Ökologischer und wirtschaftlicher Unsinn

29. Januar 2013

Auwald_Leipzig_3Ökolöwe lehnt touristische Vermarktungsideen BUGA oder UNESCO des Naturschutzgebietes Leipziger Auenwald weiterhin strikt ab

Mit dem Motorboot von der Alster an die Elster, dann durch den Auenwald ins Neuseenland – nach Vorstellung von OBM-Kandidat Horst Wawrzynski und der Leipziger CDU-Fraktion kommt jetzt eine neue Vision hinzu: blühende Gewässerufer im Rahmen einer Bundesgartenschau in Leipzig 2025. Und das mitten im Leipziger Auenwald! Die Annahme des Stadtratsantrags der CDU für eine BUGA wäre aus Sicht des Ökolöwen ein ökologisches und ökonomisches Desaster. „Zugunsten eines prestigeträchtigen Großprojekts – ähnlich der Entwicklung und geplanten Schiffbarkeit des Neuseenlandes – sollen weitere Teile des einzigartigen Gewässerökosystems für Leipzigs Profilierung als Tourismusziel geopfert werden“, mahnt Enrico Vlach, Umweltpolitischer Sprecher des Ökolöwen. „Die langfristigen Folgen werden auch hier heruntergespielt: eine weitere Zerschneidung und Zerstörung des Auenökosystems einerseits, unabsehbare Kosten und Folgekosten für Stadt, Land und letztlich den Steuerzahler andererseits.
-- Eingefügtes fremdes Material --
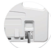
Suporte Zincado Soporte en Zinco
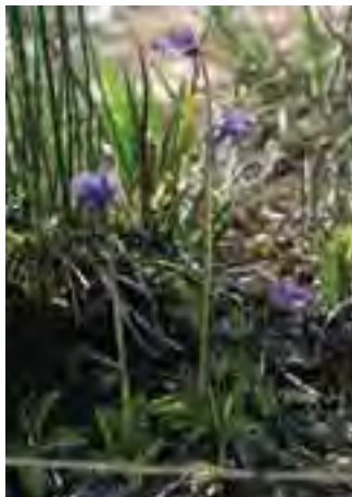
Tučnica obyčajná ( Pinguicula vulgaris )

( Epipactis palustris ). Ojedinelý je nález lyžičníka ( Cochlearia pyrenaica ). Revúca je súčasťou jadrového areálu výskytu vydry riečnej ( Lutra lutra ) v Západných Karpatoch. Zistený bol pomerne pestrý zoobentos (83 druhov), početné druhy bezstavovcov, rýb, oboživelníkov, plazov, vtákov aj cicavcov viazaných na biotopy tvoriace územie alebo vyskytujúce sa v jeho okolí.
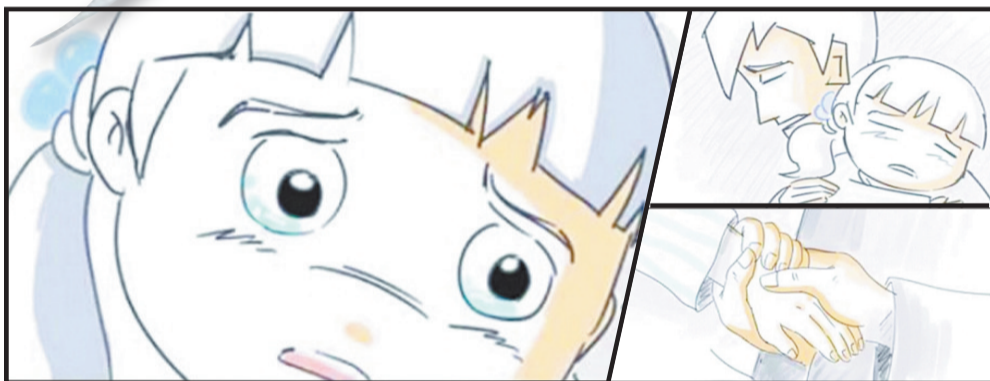
爸爸,我不想死,我害怕
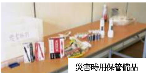
災害時用保管備品
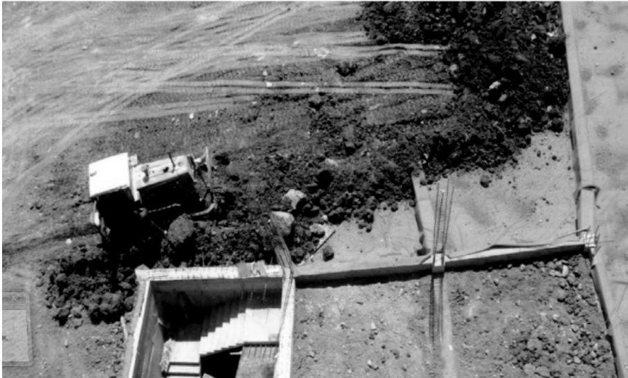
Рис. 1. Зворотна засипка виконаної гідроізоляції ґрунтом з включенням каменів

ваності виконання (необхідно назустріч подачі гідроізоляційних матеріалів).
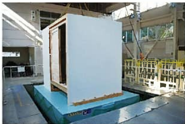
振動実験における装置全景
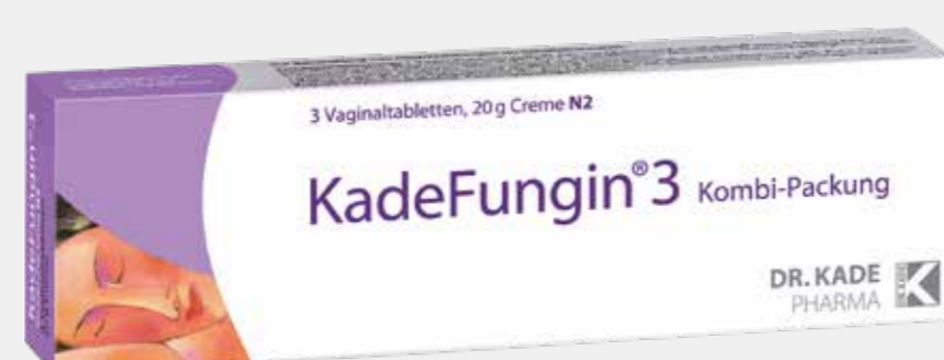
KadeFungin 3* 1 Kombi-Packung
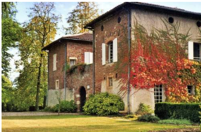
Le château du Gô
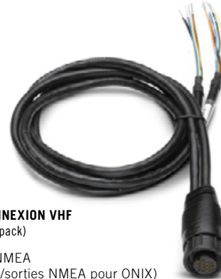
CÂBLE POUR CONNEXION VHF (non fourni dans le pack)

>réf. AS-DUALNMEA (Câble 2 entrées/sorties NMEA pour ONIX)
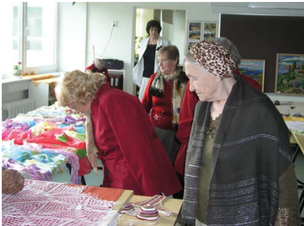
Ühena järgmistest üritustest on tulemas valla käsitööringi kevadnäitus, mis mullu teenis ära suure publikuhoovi.

Varasema rahvusvahelise sotsiaaltöötajate päeva tähistamisel oli eeskujuks Euroopa sotsiaaltöö tegevuspäev novembri teisel teisipäeval, mis nii sattu igal aastal eri kuupäevale. Mullu korraldas Rahvusvaheline Sotsiaaltöötajate Föderatsioon esmakordselt üleilmse sotsiaaltöö päeva 27. märtsil, millega ühinesid sotsiaaltöötajad kõigis maailmajagudes, samuti Eestis. Sotsiaaltöötajate päeva 2008 moto Eestis oli „Sotsiaaltöö puudutab igaüht“. Kuigi sotsiaaltöö oli algselt ellu kutsutud kõige haavatavamate ühiskonnaliikmete abistamiseks, on tegevuse haardeulatus muutunud märksa laiemaks. Päev sotsiaaltöötaja suudab leida lahenduse paljudele erisuguste probleemidele, rõhutavad Eesti Sotsiaaltöö Assotsiatsiooni esindajad . Tõenäoliselt kasutab iga inimene oma elu jooksul mõnd sotsiaaltöö teenust.
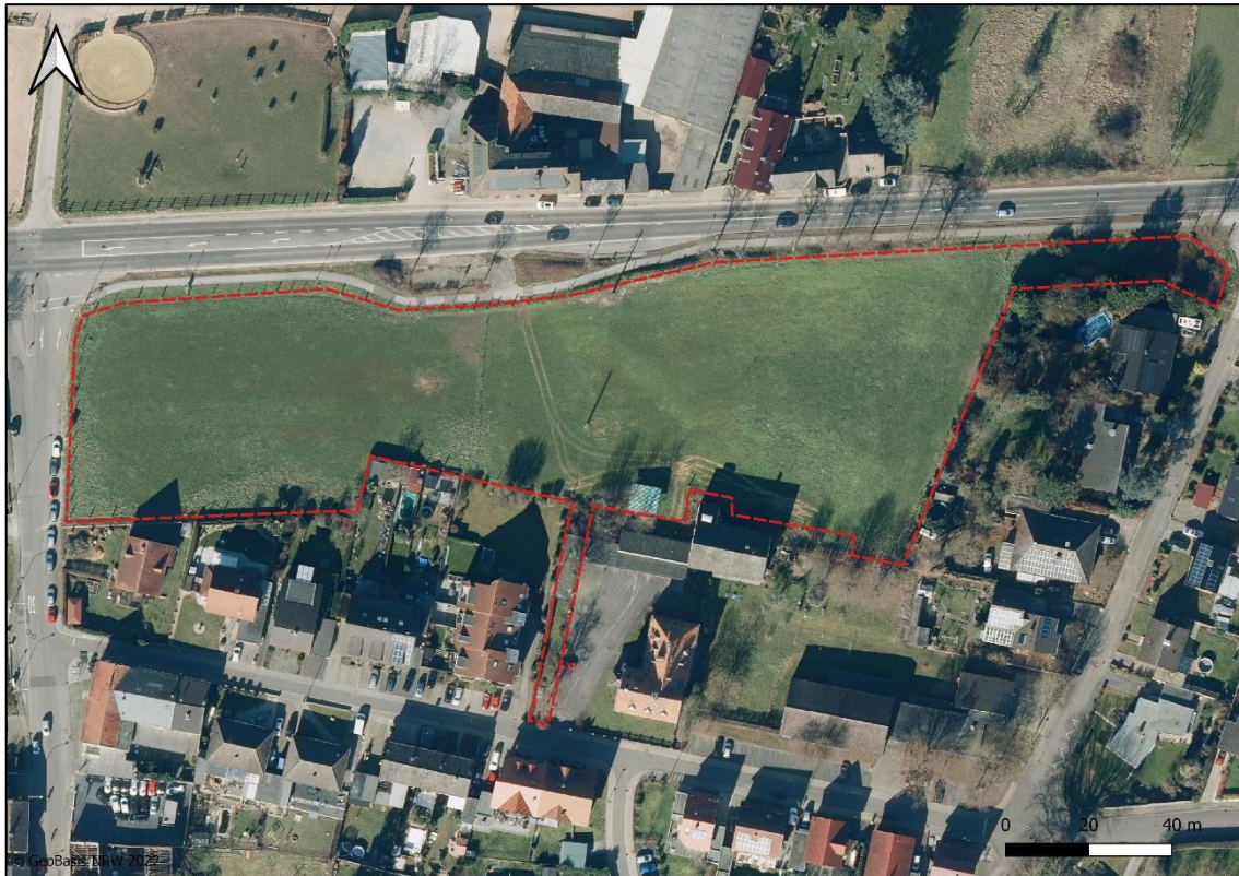
Abb. 2: Lage im Luftbild mit Pferdeweiden und der umliegenden Bebauung.

Auf der Planfläche befinden sich derzeit ausschließlich Pferdeweiden. Im Norden verläuft die Kölner Landstraße, im Westen liegt die Zufahrt zur südlich angrenzenden Bebauung. Im Osten grenzen die bestockten Gärten der dortigen Bebauung an. Die Zufahrt soll von Süden durch eine Baulücke erfolgen. Die Planung sieht die Errichtung mehrerer Gebäude sowie die Anlage von Parkplätzen und eines kleinen Parks vor.
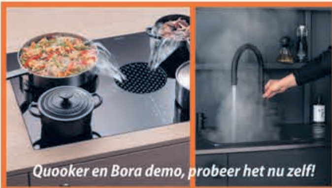
Quooker en Bora demo, probeer het nu zelf!
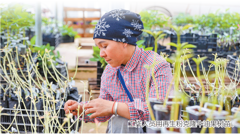
工作人员用再生粉克隆牛油果树苗。
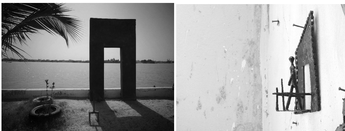
La porte d'Afrique di Fall Meissa
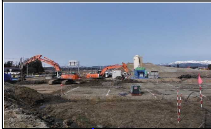
川西町西大塚 地内 (長井方面)
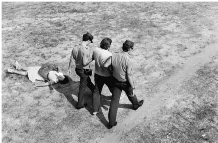
Desallotjament d'una fàbrica a Parets del Vallès (agost, 1986)

Però hem de recordar que l'any 1976 un treballador acomiadat de manera "improcedent" tenia dret a triar entre quedar-se a l'empresa o una indemnització de 60 dies per any treballat, amb un límit de 5
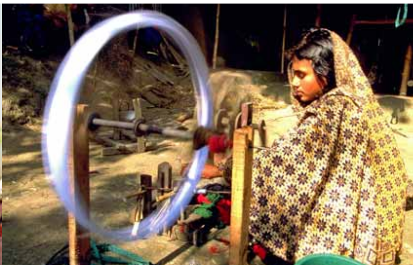
UNCDF / Adam Rogers
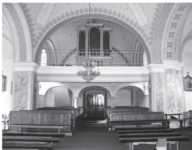
Slika 14. Unutrašnjost crkve, pogled prema pjevalištu (foto: M. Korunek).

mlje da bi se proširio plato oko crkve, a sljedeće godine »blokiran« je brijeg kao obrana od pomicanja terena, odnosno erozije. Godine 1961. dodatno je navožena zemlja i šljunak, a sve s ciljem niveliranja i proširivanja crkvenog dvorišta.
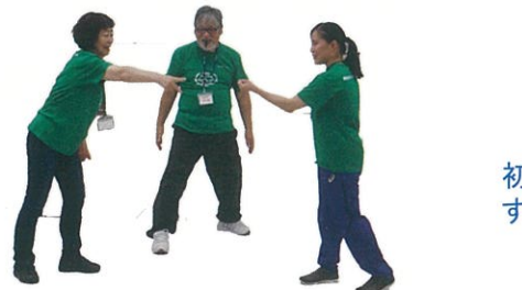
単純なジャンケンも、ゲームに取り入れ方 で大変盛り上がります。
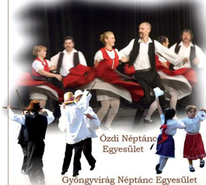
Ózdi Néptánc Egyesület
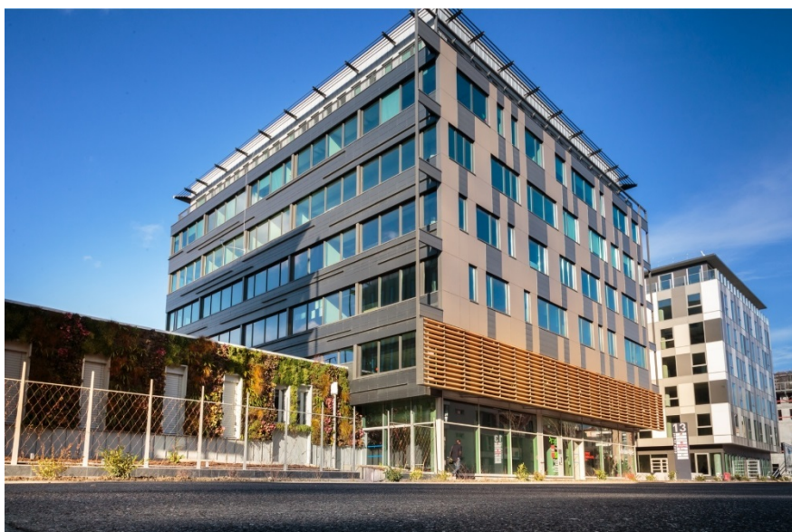
DOSSIER DE PRESSE – CAMPUS PROVISoire GRAND FORMA ANNEMASSE

13 Avenue Emile Zola 1 er étage 74100 Annemasse
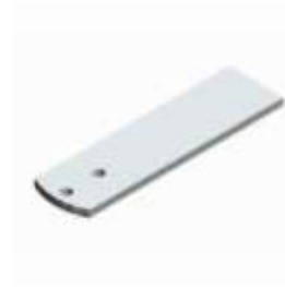
STL Zadní držák, délka = 220mm (2 ks/balení)
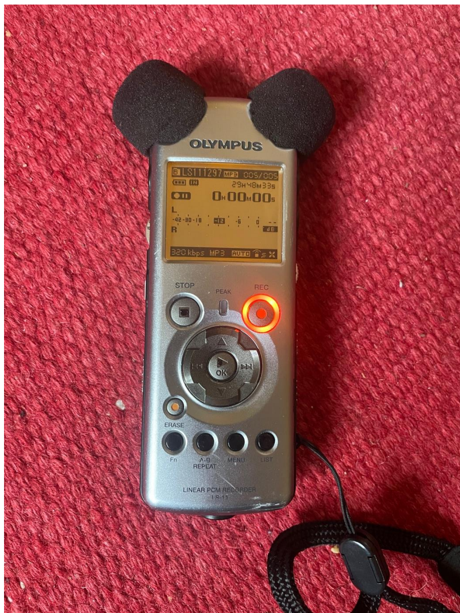
Bild 2. Olympus LS11 en mycket behändig recorder. Den kan försees med fjärrmanövrering, ställas i vänteläge samt försees med extra minneskort förutom det i själva recordern.
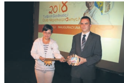
Uroczyste przekazanie kluczy odbyło się podczas gali w MCK-u.
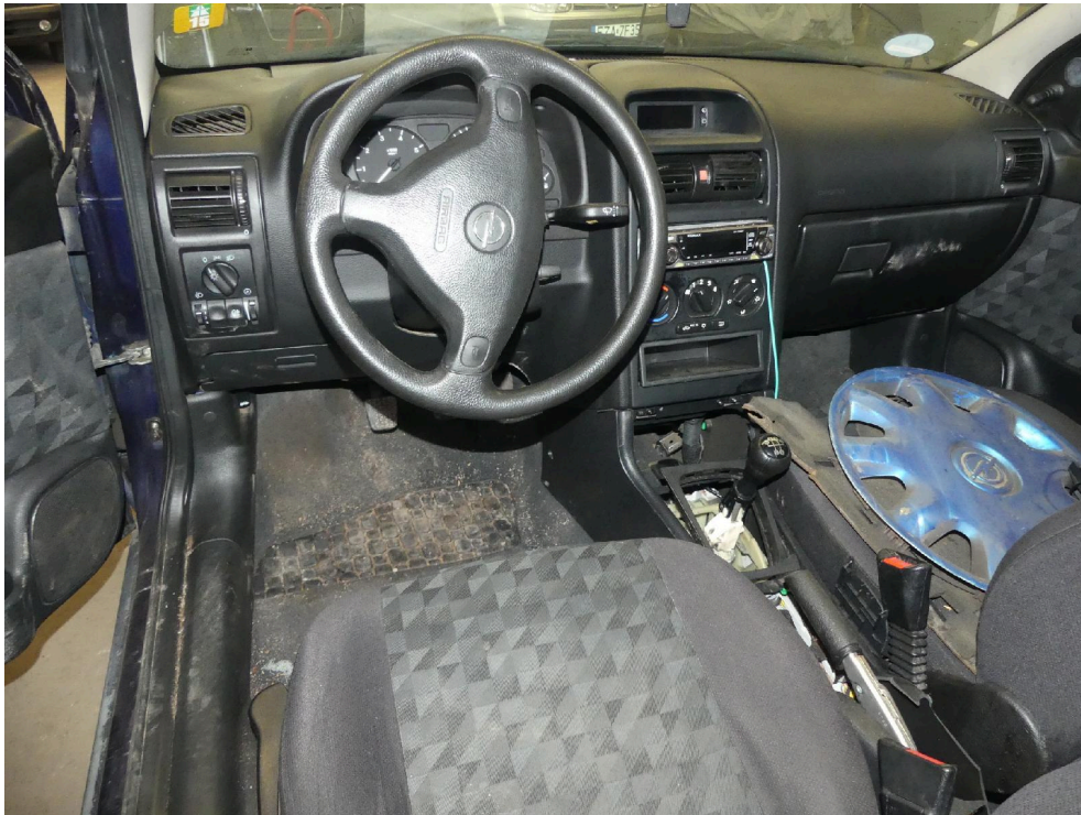
Bild: 9 Innenraum, vorn links

Denn die Finanzierung der BUGA erfolgt größtenteils über Zuschüsse des Landes: Steuergelder.“

„Wer es mit Schutz und ökologischer Aufwertung des bereits mit zahlreichen Schutzkategorien – national LSG und NSG, auf europäischer Ebene SPA und FFH – belegten Auenwalds wirklich ernst meint, muss die Nutzungsintensität reduzieren“, kritisiert Vlach. „Stattdessen wird versucht, im Zuge langfristiger, kostenintensiver Bewerbungen um BUGA oder UNESCO und anderer Großprojekte neue Besucher anzulocken und die Massen dann durch den Auenwald zu schleusen.“ So ist auch der UNESCO-Titel kein geeignetes Instrument zum besseren Schutz! Schon heute gibt es vielfältige Schutzgebiete im Auenwald, doch es hapert massiv am Vollzug des Naturschutzgesetzes in den Gebieten!

Geht es nach den einen, sollen Motorboote in alle Richtungen fahren und den Stadthafen mit neuen touristischen Attraktionen der Region verbinden: vom Neuseenland durch den Floßgraben, den Karl-Heine-Kanal, zum Saale-Elster-Kanal und letztlich nach Hamburg. Die anderen wollen Besucher in Zukunft mit dem grünen Charme des Auenwalds locken und erhoffen sich daraus eine Stärkung der Schutzanstrengungen. Immer ist da dieses irgendwie reizvolle, an vergangene Wildnis erinnernde Stück Wald dazwi-schen, das die Kulisse für die Großphantasien bildet. Was macht es da schon, wenn ein paar neue Brücken und Parkplätze gebaut, Bäume gefällt und das – im schlimmsten Fall asphaltierte – Wegenetz erweitert wird? Wem schadet es schon, wenn die BUGA weitere technische Schutzmaßnahmen treffen muss, damit ihre Beete zur Eröffnung nicht vom natürlichen Frühjahrshochwasser geflutet werden? Wenn die Attraktivität eines Welterbetitels ganze Busladungen zur Burgaue lockt? Entwicklung und Ausbau eines europäischen und nationalen Naturschutzgebietes im Namen des Tourismus sind der falsche Weg, den Auenwald aufzuwerten!